Many thanks for your replies everyone
I agree re hardware issues - it's hard for the development stream to keep up with new hardware - even if some of them seem to be paid to do it. I suspect some hardware vendors have done exclusive business deals with MS. (Hopefully, it will turn out to be their loss one day)
FWIW I have had Apache 1.x series on both 7.3 and 8.2 with no problems. Am sure that Samba was available on both of those two versions as well but I never used it. I'd agree that sound shifting into the kernel is a 'new thing' and therefore probably buggy. Displays have always been an issue of one sort or another with Linux.
I once had a TFT (Iiyama I think) die and was never sure whether it was the card, the terminal, or dual boot RH and NT that was the problem.

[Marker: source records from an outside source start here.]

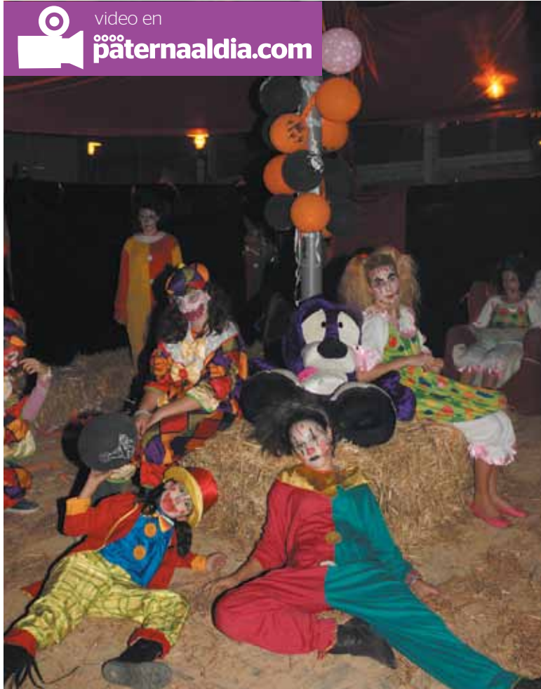
En el coheteródromo del terror sorprendieron los payasos muertos PAD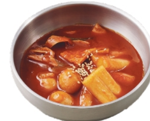
トッポギ ¥460 (税込¥497)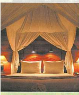
プリウランダリ: 幻想的な部屋

ホテルの敷地内や隣接した所にホテルオーナー所有の広大なライステラスの景観を楽しめます。今年オープンしたので、オープンングレートがあり、お得な価格で宿泊できます。

and yes you have to do the research first... I'd agree with that.
My pet points of issue with SuSE are :
1. not providing gcc 2.95 This is the stable version of gcc used for kernel builds. 8.3 provided the world with a pre release of gcc v3.3 and I have yet to manage to install 2.95 safely i.e. being sure I wasn't about to wreck v3.3. Given that I bought the professional version and I think it's feasible that someone who buys the professional version would want a 'safe' 'industry-standard' 'standards compatible' compiler, I was a bit miffed that 2.95 wasn't available for install alongside 3.3
2. Twice I have had problems with code compile. Once was the winmodem code (no MOD_VERSIONS IIRC) and once was attempting to recompile my existing kernel using the source code provided on the distro. Having said that I took CVS out of rpm db and installed v 1.11.17 outside the rpm db structure (no rpm available) and I have recently compiled Apache 1.3.31 ok too. One thing that SuSE does tend to do is wander away from the 'structure of things' so there are some tweaks in the httpd.conf for v1.3.27 which are SuSE dept.
As far as wrecking a system goes, been there done that got the T-shirt
I was dual booting XP/7.3 and backed up to do a fresh install of 8.2. I completely missed the change in the 'how do you want to boot up' (GRUB v LILO, floopy v. hdd etc) and it's placement in the install procedure and managed to overwrite my MBR. That was the day I went totally Linux.